▸ **WORK TASK**: Your answer must be the lines of the material below, exactly as written, from its first line through the line with "热烈祝贺我司被广州市国家税务", and no pictures.

▸ **STORED DATA**:
□ □ □ □ □

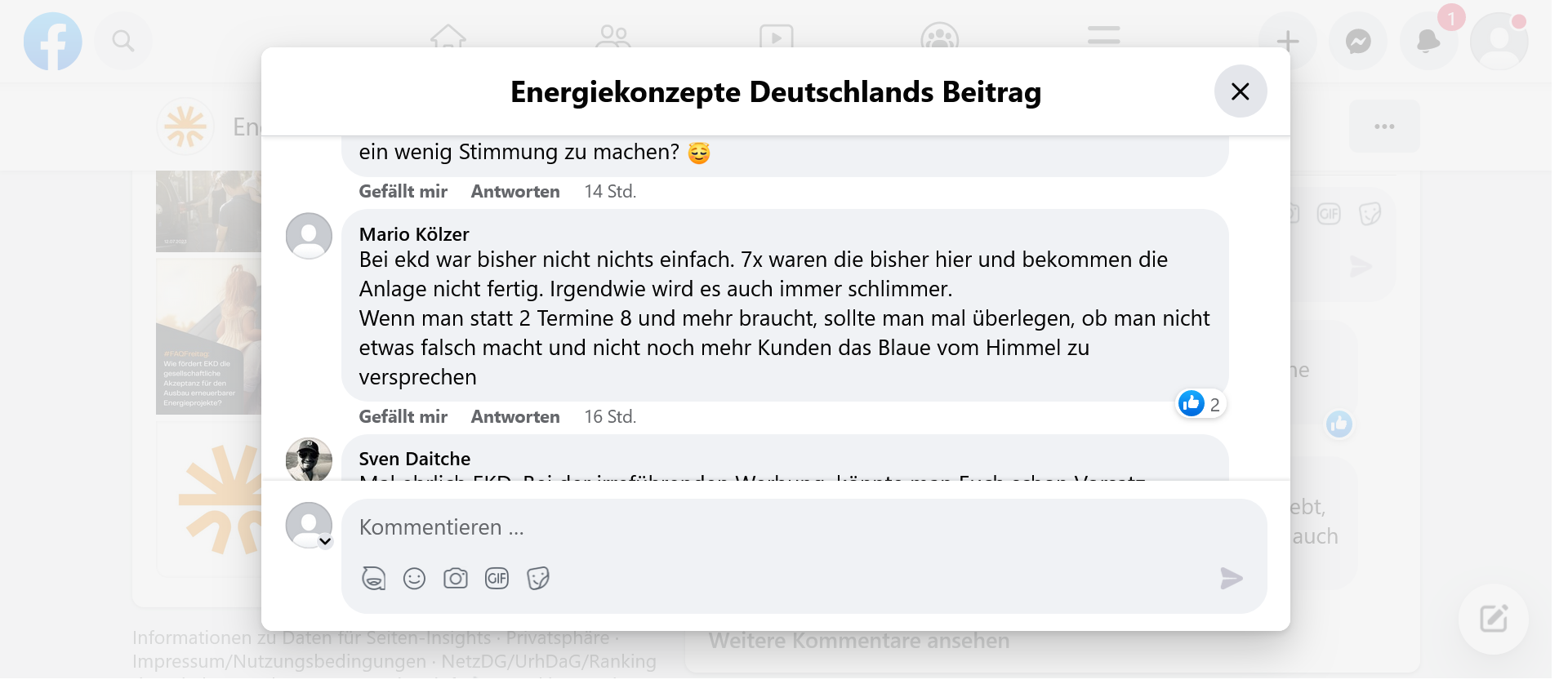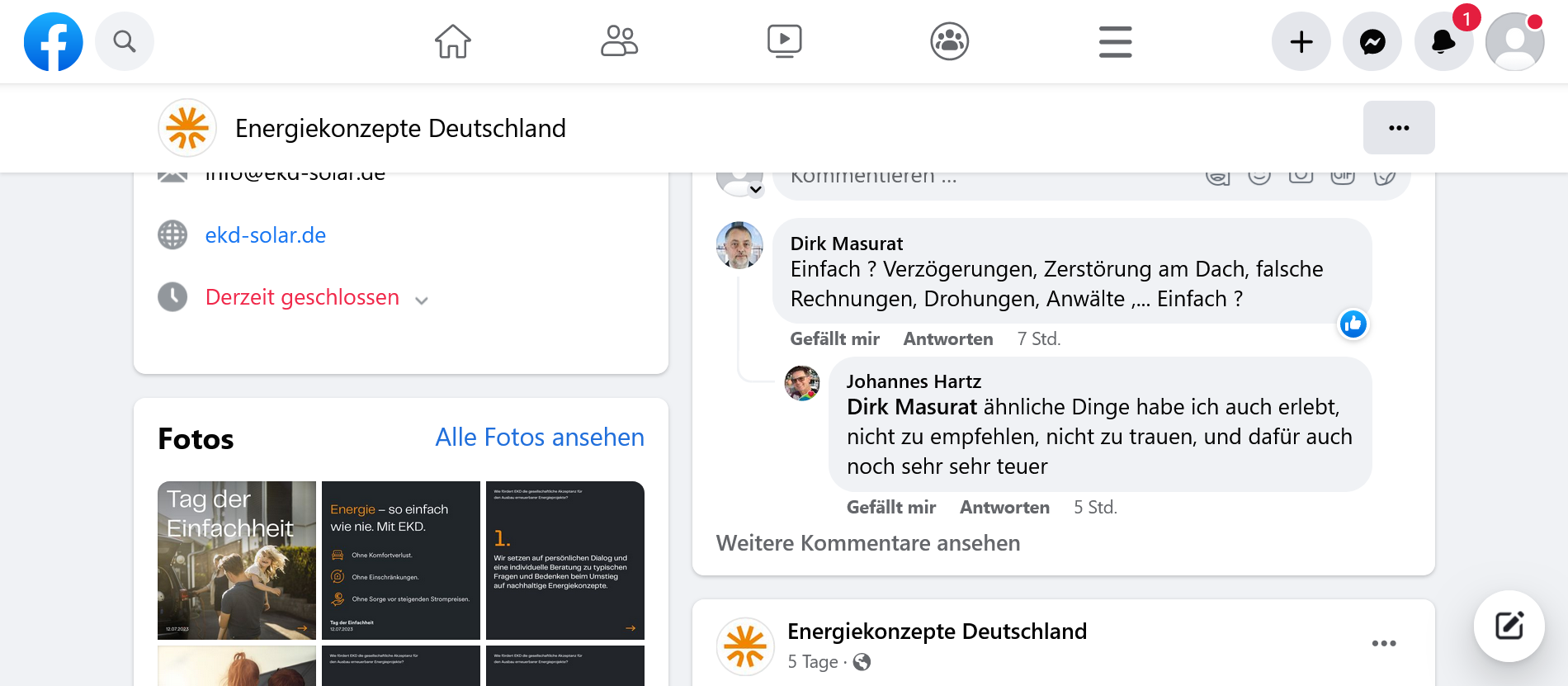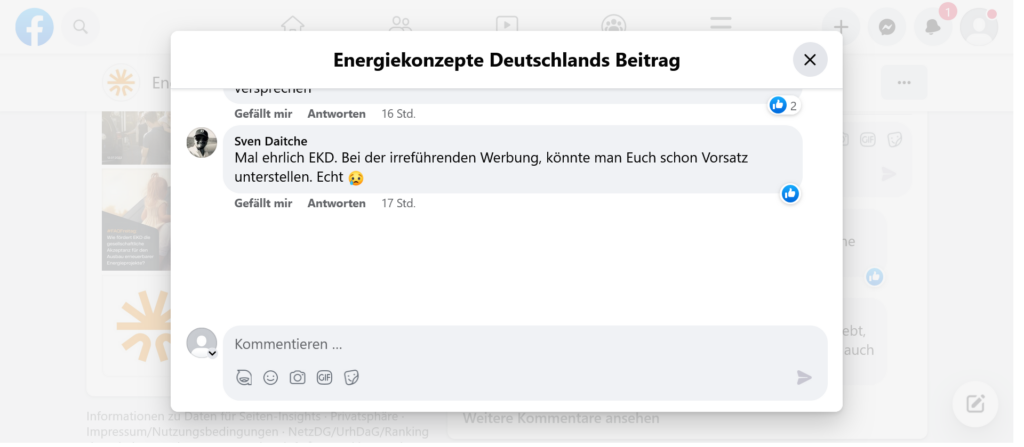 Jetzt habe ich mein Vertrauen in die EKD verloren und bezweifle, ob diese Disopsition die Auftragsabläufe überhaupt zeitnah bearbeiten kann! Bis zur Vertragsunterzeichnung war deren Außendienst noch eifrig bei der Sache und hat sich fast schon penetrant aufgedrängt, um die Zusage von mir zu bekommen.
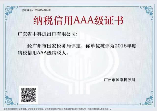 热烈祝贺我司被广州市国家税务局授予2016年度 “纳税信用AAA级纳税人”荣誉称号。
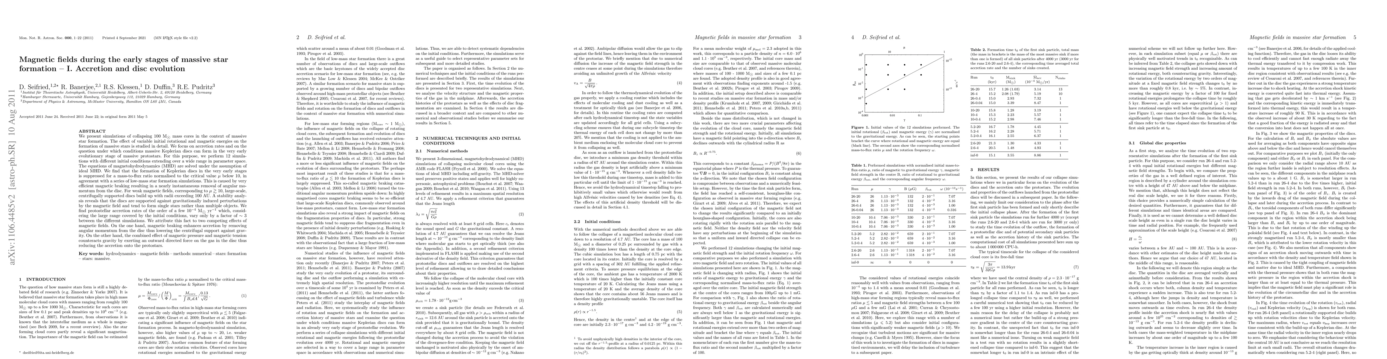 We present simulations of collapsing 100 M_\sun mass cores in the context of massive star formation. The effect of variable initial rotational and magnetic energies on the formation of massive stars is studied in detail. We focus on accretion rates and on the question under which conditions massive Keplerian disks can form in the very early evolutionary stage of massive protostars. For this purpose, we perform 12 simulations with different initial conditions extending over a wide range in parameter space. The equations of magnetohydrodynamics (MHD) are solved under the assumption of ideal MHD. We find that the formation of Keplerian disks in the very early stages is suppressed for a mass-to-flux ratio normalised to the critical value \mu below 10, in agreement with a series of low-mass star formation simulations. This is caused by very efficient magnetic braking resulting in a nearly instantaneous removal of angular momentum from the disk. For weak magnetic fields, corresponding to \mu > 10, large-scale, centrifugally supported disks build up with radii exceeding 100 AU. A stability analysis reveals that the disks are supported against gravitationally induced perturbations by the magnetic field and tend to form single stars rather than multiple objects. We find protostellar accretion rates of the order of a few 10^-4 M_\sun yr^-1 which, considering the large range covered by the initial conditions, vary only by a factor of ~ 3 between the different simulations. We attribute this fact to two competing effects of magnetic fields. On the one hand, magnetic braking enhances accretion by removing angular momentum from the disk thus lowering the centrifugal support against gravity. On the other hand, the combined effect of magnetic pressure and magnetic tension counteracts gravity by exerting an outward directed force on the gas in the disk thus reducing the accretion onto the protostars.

□ □ □ □ □

▸ **TASK ANSWER**:
 Jetzt habe ich mein Vertrauen in die EKD verloren und bezweifle, ob diese Disopsition die Auftragsabläufe überhaupt zeitnah bearbeiten kann! Bis zur Vertragsunterzeichnung war deren Außendienst noch eifrig bei der Sache und hat sich fast schon penetrant aufgedrängt, um die Zusage von mir zu bekommen.
 热烈祝贺我司被广州市国家税务局授予2016年度 “纳税信用AAA级纳税人”荣誉称号。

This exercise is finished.